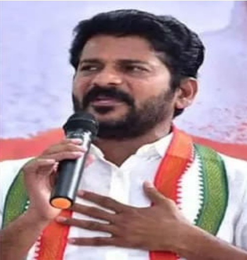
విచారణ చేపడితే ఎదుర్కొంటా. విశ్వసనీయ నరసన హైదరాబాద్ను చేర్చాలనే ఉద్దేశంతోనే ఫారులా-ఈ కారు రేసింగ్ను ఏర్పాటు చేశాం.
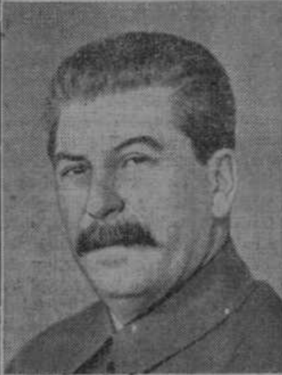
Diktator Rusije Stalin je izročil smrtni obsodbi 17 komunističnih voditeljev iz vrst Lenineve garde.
────
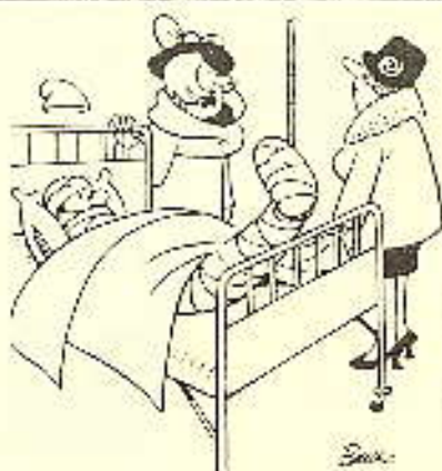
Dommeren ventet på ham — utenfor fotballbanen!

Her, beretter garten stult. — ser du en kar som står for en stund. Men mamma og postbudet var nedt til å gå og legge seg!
────
=== EXERCISE OBJECTIVE ===
In the listing above, the lines from the one containing "Dommeren ventet på" through the one containing "Her, beretter garten" must be set down exactly, with no other lines.

=== RESPONSE BOX ===
Dommeren ventet på ham — utenfor fotballbanen!

Her, beretter garten stult. — ser du en kar som står for en stund. Men mamma og postbudet var nedt til å gå og legge seg!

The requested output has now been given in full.